Ivy bolted the door behind the journalist. Returning to her desk, she locked the drawer and squeezed her eyes shut. “The blind will see, and those who see will become blind,” she intoned, blinking furiously to dispel the strange dots that had started presenting themselves in her vision. They were becoming more frequent; Ivy knew she should visit an ophthalmologist. She hoped it was not un-Christian, but the thought of being unable to read her beloved sheet music upset her more deeply than any of the memories from her past. The Victorian marble clock, which comforted her hourly with its sweet Handel music, proclaimed that there was just enough time to deliver the cheque to the bank and get back to the Village for Evensong.
Standing at the bus stop with the melodious clock chimes still echoing softly in her head, Ivy caught sight of Luca Tempesta walking through the churchyard. Handel, she thought, had been sent to law school by his father, just like this American. The former had abandoned his studies and blessed mankind with the “Hallelujah” chorus; the latter, according to Ivy’s preliminary investigations, had abandoned his to set up a private-detective firm; then, some years later, he had apparently disappeared from God’s Earth without a trace. Except he had not disappeared. He was here in the Village, living in Clive’s house, next door to Frank, smoking Russian cigarettes. And Ivy Midwinter planned to find out why.

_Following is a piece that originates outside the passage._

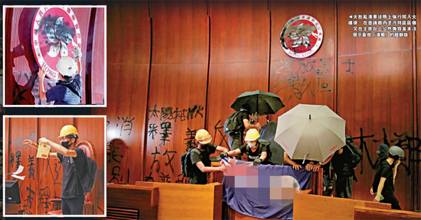 图:大批乱港暴徒晚上强行闯入大楼后,在会议厅内涂污特区区徽,又在主席台上公然撕毁基本法,展示象征“港独”的龙狮旗

Julia left Somerset for London at 16. She founded & ran her own consumer P R agency representing a range of international brands including Braun, Molton Brown, Clairol & Kleenex. After selling the business she trained as a psychotherapist specializing in eating disorders & hosted a phone-in show on Radio Luxembourg.
Julia writes bespoke literature & articles for private clients and visits secondary schools & prisons representing two national charities in providing emotional support to pupils & inmates. A keen kayaker and a passionate cook, she lives in Bray-on-Thames with her husband Nicolas and their four children.
Gaynor has worked as a national newspaper correspondent for more than twenty years, interviewing everyone from the great and the good to extraordinary people in ordinary lives. The rich variety of her subject matter and their circumstances has given her a rare insight into human nature and the challenges many people face.
Gaynor's great loves include sitting in pavement cafes watching the world go by, National Trust and English Heritage and hiking across the windswept Yorkshire moors. She lives in Bray-on-Thames with her husband Jonathan and their son, Freddie James.